**EXERCISE INSTRUCTIONS**
Print, from the listing below, the lines starting at the line containing "During the stage" and ending at the line containing "En cuanto a", exactly as they stand, and print nothing else.

**MATERIAL FOR THIS EXERCISE**
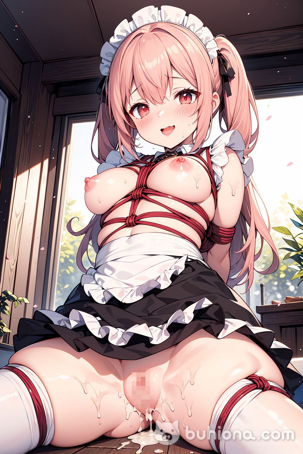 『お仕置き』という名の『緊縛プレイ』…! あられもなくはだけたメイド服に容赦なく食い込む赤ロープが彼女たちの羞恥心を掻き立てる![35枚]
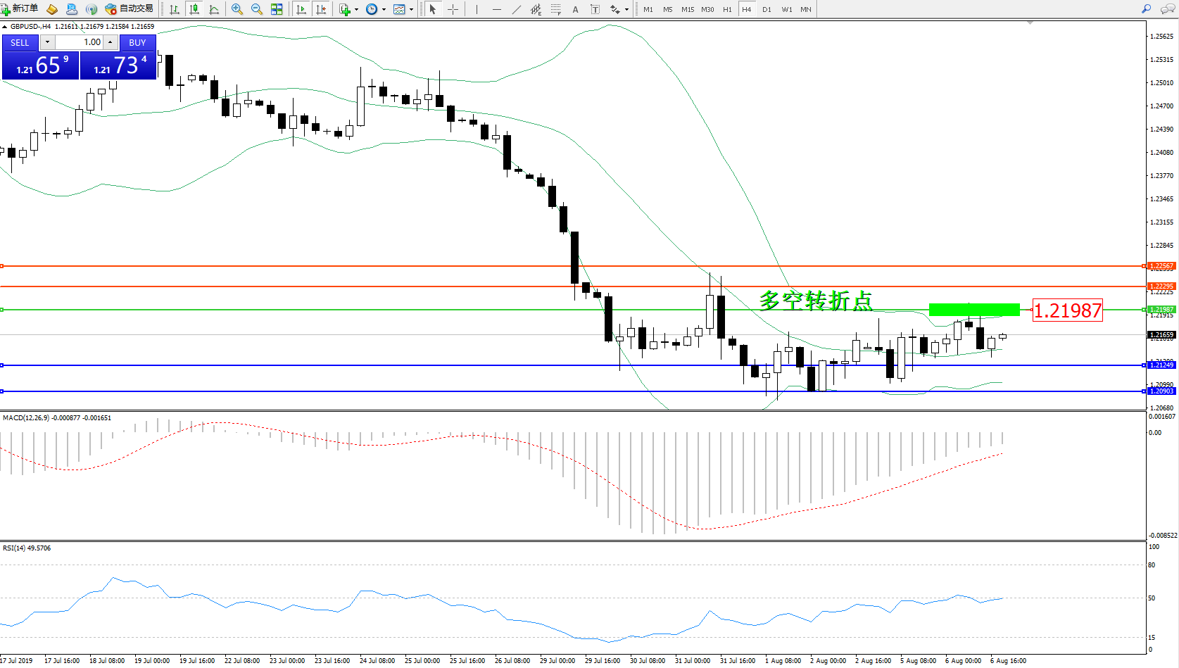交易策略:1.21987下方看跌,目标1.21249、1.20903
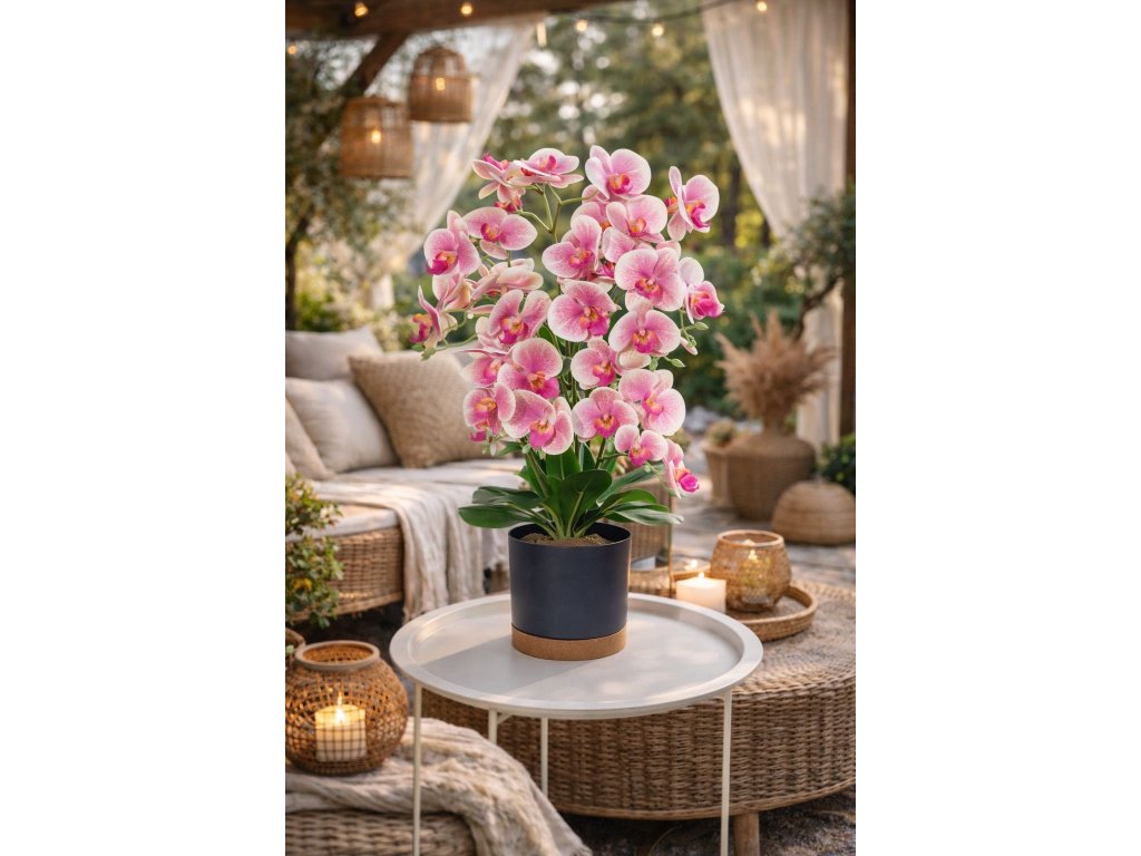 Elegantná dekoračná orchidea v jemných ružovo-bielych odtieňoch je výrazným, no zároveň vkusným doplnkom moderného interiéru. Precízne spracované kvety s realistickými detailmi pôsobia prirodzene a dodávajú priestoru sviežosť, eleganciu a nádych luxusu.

==

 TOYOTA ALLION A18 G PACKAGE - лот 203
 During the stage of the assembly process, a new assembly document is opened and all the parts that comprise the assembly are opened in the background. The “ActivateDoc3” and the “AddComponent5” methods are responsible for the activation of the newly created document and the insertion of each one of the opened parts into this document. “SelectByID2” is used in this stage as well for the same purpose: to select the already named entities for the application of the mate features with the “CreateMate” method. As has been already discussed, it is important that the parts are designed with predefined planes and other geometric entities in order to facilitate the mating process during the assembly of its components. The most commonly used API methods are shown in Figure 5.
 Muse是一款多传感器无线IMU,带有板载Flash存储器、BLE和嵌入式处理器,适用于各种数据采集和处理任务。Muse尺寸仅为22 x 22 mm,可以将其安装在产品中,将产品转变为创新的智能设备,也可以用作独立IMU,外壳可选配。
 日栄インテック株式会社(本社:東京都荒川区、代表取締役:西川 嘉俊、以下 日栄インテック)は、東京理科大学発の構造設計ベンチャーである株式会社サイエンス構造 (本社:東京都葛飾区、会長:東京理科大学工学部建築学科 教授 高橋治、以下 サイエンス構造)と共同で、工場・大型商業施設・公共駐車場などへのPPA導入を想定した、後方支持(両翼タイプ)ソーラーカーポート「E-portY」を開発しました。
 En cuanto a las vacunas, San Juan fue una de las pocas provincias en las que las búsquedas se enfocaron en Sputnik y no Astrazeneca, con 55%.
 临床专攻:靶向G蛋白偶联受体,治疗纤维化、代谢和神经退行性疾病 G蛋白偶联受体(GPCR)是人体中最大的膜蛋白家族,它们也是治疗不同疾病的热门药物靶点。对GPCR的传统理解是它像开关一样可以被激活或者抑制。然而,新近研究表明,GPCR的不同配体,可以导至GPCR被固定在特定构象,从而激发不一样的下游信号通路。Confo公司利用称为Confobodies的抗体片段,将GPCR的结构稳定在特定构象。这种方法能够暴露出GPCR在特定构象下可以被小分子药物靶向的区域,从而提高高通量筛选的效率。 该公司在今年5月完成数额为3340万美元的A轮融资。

--

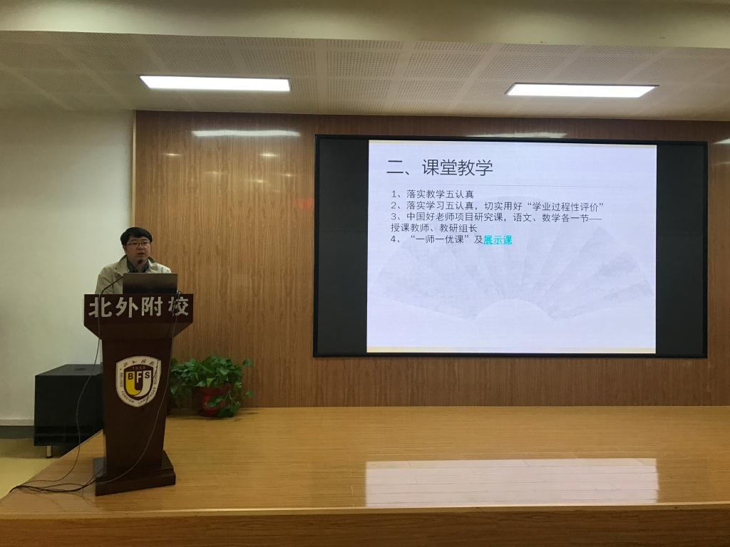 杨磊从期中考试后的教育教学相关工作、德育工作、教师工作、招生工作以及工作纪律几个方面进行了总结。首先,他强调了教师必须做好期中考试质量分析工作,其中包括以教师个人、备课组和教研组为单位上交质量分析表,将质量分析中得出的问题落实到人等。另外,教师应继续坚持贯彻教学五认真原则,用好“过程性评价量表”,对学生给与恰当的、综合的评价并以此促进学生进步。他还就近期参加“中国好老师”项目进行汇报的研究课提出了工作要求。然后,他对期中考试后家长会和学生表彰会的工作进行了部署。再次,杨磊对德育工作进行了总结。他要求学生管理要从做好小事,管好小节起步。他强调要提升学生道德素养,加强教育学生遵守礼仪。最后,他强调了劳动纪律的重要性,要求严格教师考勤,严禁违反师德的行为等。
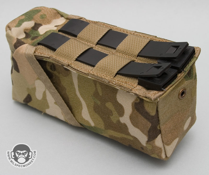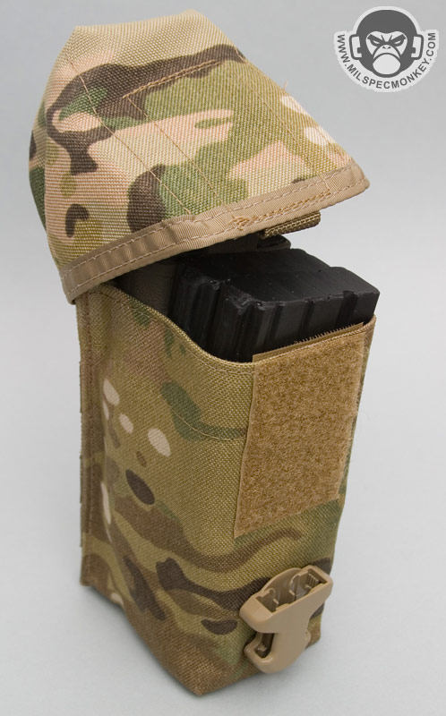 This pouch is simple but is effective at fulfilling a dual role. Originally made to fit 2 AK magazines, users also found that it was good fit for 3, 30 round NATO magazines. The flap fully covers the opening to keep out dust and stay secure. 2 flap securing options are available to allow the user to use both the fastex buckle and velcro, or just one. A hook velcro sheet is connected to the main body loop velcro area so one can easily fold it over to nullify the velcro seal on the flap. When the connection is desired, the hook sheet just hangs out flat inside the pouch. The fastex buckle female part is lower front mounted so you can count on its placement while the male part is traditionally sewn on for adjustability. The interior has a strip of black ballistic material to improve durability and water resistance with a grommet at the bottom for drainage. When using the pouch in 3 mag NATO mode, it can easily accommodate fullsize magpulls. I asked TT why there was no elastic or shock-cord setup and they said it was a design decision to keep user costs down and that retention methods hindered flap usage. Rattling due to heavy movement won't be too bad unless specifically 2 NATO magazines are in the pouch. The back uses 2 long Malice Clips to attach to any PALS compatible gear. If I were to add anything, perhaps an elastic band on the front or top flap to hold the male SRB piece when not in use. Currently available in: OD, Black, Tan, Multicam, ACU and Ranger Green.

**YOUR RESPONSE**
 During the stage of the assembly process, a new assembly document is opened and all the parts that comprise the assembly are opened in the background. The “ActivateDoc3” and the “AddComponent5” methods are responsible for the activation of the newly created document and the insertion of each one of the opened parts into this document. “SelectByID2” is used in this stage as well for the same purpose: to select the already named entities for the application of the mate features with the “CreateMate” method. As has been already discussed, it is important that the parts are designed with predefined planes and other geometric entities in order to facilitate the mating process during the assembly of its components. The most commonly used API methods are shown in Figure 5.
 Muse是一款多传感器无线IMU,带有板载Flash存储器、BLE和嵌入式处理器,适用于各种数据采集和处理任务。Muse尺寸仅为22 x 22 mm,可以将其安装在产品中,将产品转变为创新的智能设备,也可以用作独立IMU,外壳可选配。
 日栄インテック株式会社(本社:東京都荒川区、代表取締役:西川 嘉俊、以下 日栄インテック)は、東京理科大学発の構造設計ベンチャーである株式会社サイエンス構造 (本社:東京都葛飾区、会長:東京理科大学工学部建築学科 教授 高橋治、以下 サイエンス構造)と共同で、工場・大型商業施設・公共駐車場などへのPPA導入を想定した、後方支持(両翼タイプ)ソーラーカーポート「E-portY」を開発しました。
 En cuanto a las vacunas, San Juan fue una de las pocas provincias en las que las búsquedas se enfocaron en Sputnik y no Astrazeneca, con 55%.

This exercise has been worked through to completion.